Problem
No pictures belong in the copy. Restate the rest of the data exactly.

Input data

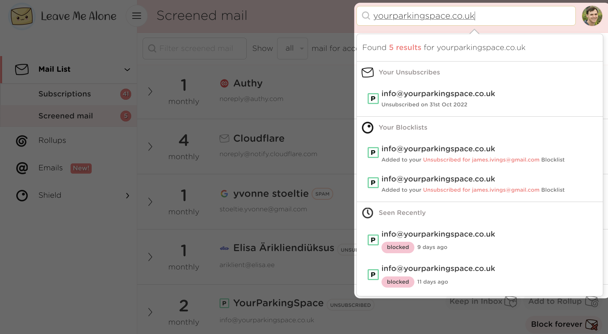 How to find emails within the Leave Me Alone system
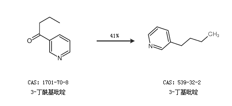 2.通过3-丁酰基吡啶合成3-丁基吡啶,收率约41%;
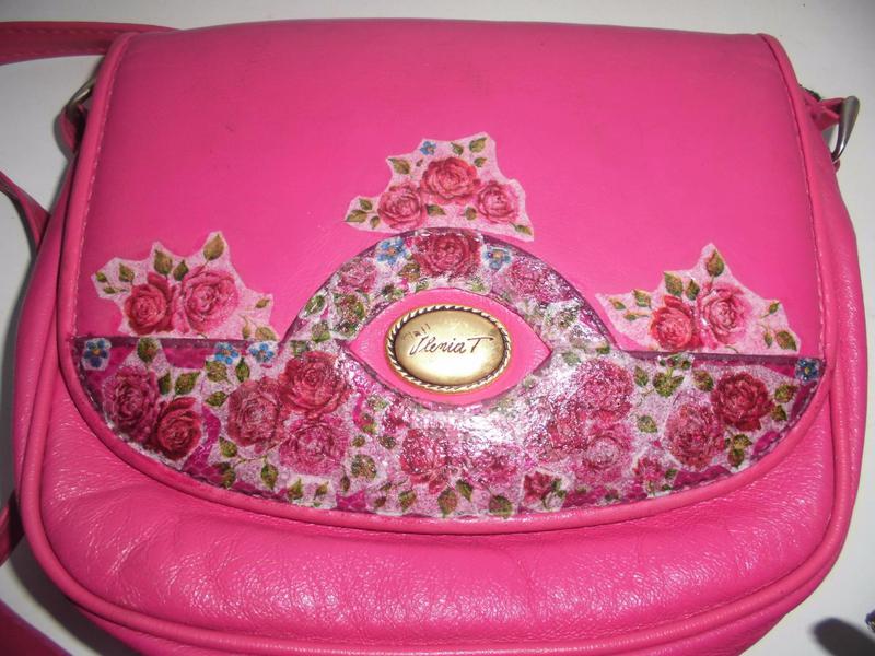 Цена 155 грн.Цвет малиновый.Материал кожа .Декупаж-цветы.Длина 20 см,ширина 5 см,высота 17 см,длина ручки 127 см
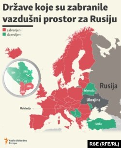 Crna Gora je pokrenula proceduru za donošenje odluke o zatvaranju vazdušnog prostora za ruske avione, dok su Srbija i Bosna i Hercegovina protiv takve odluke.

Exercise response
 How to find emails within the Leave Me Alone system
 2.通过3-丁酰基吡啶合成3-丁基吡啶,收率约41%;
 Цена 155 грн.Цвет малиновый.Материал кожа .Декупаж-цветы.Длина 20 см,ширина 5 см,высота 17 см,длина ручки 127 см
 Crna Gora je pokrenula proceduru za donošenje odluke o zatvaranju vazdušnog prostora za ruske avione, dok su Srbija i Bosna i Hercegovina protiv takve odluke.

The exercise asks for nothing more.